@jgweed,
jgweed;131826 wrote:
I might also suggest that even though we may be mislead by appearances (or perhaps perceptions), we are able to "correct" these mistakes without any reference to anything other than appearances.
One possible description of appearances could be a blithering mental chaos as is perhaps the way a house fly or some other instinctual blind and dumb animal experiences the world. The immediate impressions of nature blinded mankind for tens of thousands of years and he gave mystical interpretations to his immediate sense impressions and this is said to have held him down and kept him as more of an instinctual dumb animal himself.
To construct a correct view of reality, as is done in a courtroom for example, one needs to apply reason to a vast array of eye witnesses in hopes to discover what really took place. What it is that we are analysing in this case is not straightforward appearances but rather, accounts of appearances and other accounts which are all then turned into data and then interpreted. It seems there must be a reasonabale seperation between the immediate impressions on our senses, which yield no direct knowledge
per se, and a more meaningful account of things.
It was Descartes who famously argued that when we examine matter (which is the source of truth according to him) we use our reason and not our senses because the senses deceive us.

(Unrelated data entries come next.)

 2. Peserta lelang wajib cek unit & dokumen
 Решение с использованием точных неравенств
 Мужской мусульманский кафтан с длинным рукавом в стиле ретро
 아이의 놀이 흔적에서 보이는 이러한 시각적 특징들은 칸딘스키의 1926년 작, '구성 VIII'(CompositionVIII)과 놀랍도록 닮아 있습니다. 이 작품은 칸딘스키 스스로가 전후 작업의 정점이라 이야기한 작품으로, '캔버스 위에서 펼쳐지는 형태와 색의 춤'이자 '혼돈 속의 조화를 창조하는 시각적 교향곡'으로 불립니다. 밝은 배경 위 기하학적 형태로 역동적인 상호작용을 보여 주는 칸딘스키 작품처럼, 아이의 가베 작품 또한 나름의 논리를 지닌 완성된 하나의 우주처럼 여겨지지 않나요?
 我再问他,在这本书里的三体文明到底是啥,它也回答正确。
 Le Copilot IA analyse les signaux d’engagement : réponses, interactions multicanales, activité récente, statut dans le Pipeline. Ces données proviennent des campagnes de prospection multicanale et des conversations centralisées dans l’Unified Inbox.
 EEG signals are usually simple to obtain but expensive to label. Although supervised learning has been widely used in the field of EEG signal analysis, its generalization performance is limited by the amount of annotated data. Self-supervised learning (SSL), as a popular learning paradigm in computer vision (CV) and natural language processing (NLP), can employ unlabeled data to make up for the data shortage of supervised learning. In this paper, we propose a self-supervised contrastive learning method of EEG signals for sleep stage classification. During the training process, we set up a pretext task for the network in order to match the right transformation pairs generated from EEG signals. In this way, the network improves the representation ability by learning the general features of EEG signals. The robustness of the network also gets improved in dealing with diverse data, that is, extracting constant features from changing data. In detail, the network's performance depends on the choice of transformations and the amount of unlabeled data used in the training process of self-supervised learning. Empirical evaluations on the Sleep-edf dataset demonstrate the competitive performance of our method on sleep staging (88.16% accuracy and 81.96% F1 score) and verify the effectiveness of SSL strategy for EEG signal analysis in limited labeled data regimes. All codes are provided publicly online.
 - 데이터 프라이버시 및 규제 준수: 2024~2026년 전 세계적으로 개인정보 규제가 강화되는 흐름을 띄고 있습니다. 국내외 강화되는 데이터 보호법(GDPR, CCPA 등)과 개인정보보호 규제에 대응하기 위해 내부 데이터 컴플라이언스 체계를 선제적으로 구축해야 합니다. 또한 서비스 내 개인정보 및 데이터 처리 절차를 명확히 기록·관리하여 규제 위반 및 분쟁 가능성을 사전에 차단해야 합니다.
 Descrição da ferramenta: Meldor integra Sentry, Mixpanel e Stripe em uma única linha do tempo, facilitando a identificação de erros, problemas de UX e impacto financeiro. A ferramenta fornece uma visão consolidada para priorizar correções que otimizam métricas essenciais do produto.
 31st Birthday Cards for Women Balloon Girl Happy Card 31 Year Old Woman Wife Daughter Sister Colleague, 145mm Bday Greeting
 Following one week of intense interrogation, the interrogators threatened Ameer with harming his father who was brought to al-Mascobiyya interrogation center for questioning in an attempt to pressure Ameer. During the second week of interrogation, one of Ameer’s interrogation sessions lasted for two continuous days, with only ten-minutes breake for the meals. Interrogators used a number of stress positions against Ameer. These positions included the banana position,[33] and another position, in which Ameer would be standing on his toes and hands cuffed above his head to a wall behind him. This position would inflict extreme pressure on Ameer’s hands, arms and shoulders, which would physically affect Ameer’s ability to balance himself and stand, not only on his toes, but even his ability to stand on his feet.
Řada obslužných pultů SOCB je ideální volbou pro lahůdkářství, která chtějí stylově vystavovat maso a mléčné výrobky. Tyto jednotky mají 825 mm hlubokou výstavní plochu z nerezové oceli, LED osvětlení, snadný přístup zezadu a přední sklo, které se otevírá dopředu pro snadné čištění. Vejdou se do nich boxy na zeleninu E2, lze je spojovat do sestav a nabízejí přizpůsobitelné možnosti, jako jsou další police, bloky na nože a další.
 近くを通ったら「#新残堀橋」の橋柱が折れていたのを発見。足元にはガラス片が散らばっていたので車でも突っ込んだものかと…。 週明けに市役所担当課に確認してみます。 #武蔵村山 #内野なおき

Of course one could argue that in Descartes wax argument it is the senses alone that account for our veridical knowledge of its primary quality of 'extension', i.e. extended substance. Which of course could imply that extension is also deceptive and does not exist in itself but only in the senses of the observer. That extension too is just appearance. And that is Berkeley's idealistic rejoinder.
Philosophers have never proved the non-existence of the thing-in-itself, they have only said that such a subject is not worth discussion. And that is a prejudice not a philosophical argument.